This notebook presents a solution to the Neighborhood Segmentation project outlined in Week 3 of the IBM Applied Data Science Capstone Course on Coursers

Created 5/21/19 by K Fullerton

In [1]:
import pandas as pd
import numpy as np
import matplotlib.pyplot as plt
%matplotlib inline
from bs4 import BeautifulSoup
import requests, json
import geocoder
import folium
from sklearn.cluster import KMeans

# Web Scraping to Collect Neighborhood Data

## Create the page object

In [2]:
url_to_scrape = 'https://en.wikipedia.org/wiki/List_of_postal_codes_of_Canada:_M'
page = requests.get(url_to_scrape)
page

<Response [200]>

<Respone [200]> Indicates that the page object was created and requested successfully.

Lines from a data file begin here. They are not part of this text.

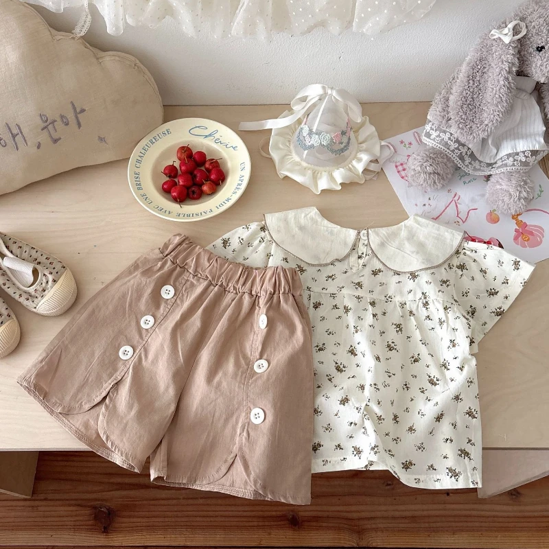 Comprar Nueva ropa de verano para niñas, traje informal para niños, camiseta de manga corta, pantalones cortos, 2 unids/set, ropa infantil de moda, chándales para niños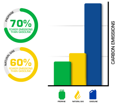 DuroMax is continually innovating and improving on existing technologies to reduce harmful emissions. DuroMax generators that run on either propane or natural gas produce lower carbon emissions than similar gasoline powered only units.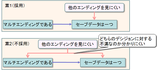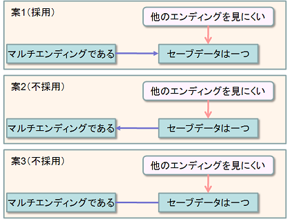 つまり、誤ったデシジョンなのは「セーブデータは一つ」であって「マルチエンディングである」ではないということである。この関係を表すために、案1を採用した。

## Create the Pandas dataframe in which to store the data
And use the .head() command to check its format

In [3]:
code_list = list()
borough_list = list()
neighborhood_list = list()

## Use Beautiful Soup to scrape the table data into the pandas dataframe

In [4]:
soup = BeautifulSoup(page.content,'html.parser')
for tr in soup.find_all('tr')[1:287]:
    tds = tr.find_all('td')
#     print(tds[0].text)
#     print(tds[1].text)
#     print(tds[2].text)
    code_list.append(tds[0].text)
    borough_list.append(tds[1].text)
    neighborhood_list.append(tds[2].text)
neighborhood_list = list(map(lambda s: s.strip(), neighborhood_list))
zippedList = list(zip(code_list, borough_list, neighborhood_list))
toronto_data = pd.DataFrame(zippedList, columns=['PostalCode', 'Borough', 'Neighborhood'])
    
toronto_data.head(10)

Unnamed: 0,PostalCode,Borough,Neighborhood
0,M1A,Not assigned,Not assigned
1,M2A,Not assigned,Not assigned
2,M3A,North York,Parkwoods
3,M4A,North York,Victoria Village
4,M5A,Downtown Toronto,Harbourfront
5,M5A,Downtown Toronto,Regent Park
6,M6A,North York,Lawrence Heights
7,M6A,North York,Lawrence Manor
8,M7A,Queen's Park,Not assigned
9,M8A,Not assigned,Not assigned


## Clean the dataframe by removing any postal codes that have not been assigned

In [5]:
toronto_data = toronto_data[toronto_data.Borough != 'Not assigned']
toronto_data.head(15)

Unnamed: 0,PostalCode,Borough,Neighborhood
2,M3A,North York,Parkwoods
3,M4A,North York,Victoria Village
4,M5A,Downtown Toronto,Harbourfront
5,M5A,Downtown Toronto,Regent Park
6,M6A,North York,Lawrence Heights
7,M6A,North York,Lawrence Manor
8,M7A,Queen's Park,Not assigned
10,M9A,Etobicoke,Islington Avenue
11,M1B,Scarborough,Rouge
12,M1B,Scarborough,Malvern


## Assign borough name for any not assigned neighborhood names

In [6]:
# Find the indices for rows where Neighborhood is Not assigned
missing_indices = toronto_data[toronto_data.Neighborhood == 'Not assigned']
# Iterate over those indices to replace the not assigned with the borough name
for i, row in missing_indices.iterrows():
    toronto_data.at[i, 'Neighborhood'] = row.Borough
toronto_data.head(15)

Unnamed: 0,PostalCode,Borough,Neighborhood
2,M3A,North York,Parkwoods
3,M4A,North York,Victoria Village
4,M5A,Downtown Toronto,Harbourfront
5,M5A,Downtown Toronto,Regent Park
6,M6A,North York,Lawrence Heights
7,M6A,North York,Lawrence Manor
8,M7A,Queen's Park,Queen's Park
10,M9A,Etobicoke,Islington Avenue
11,M1B,Scarborough,Rouge
12,M1B,Scarborough,Malvern


Check the data frame to make sure that there are no remaining "not assigned" values.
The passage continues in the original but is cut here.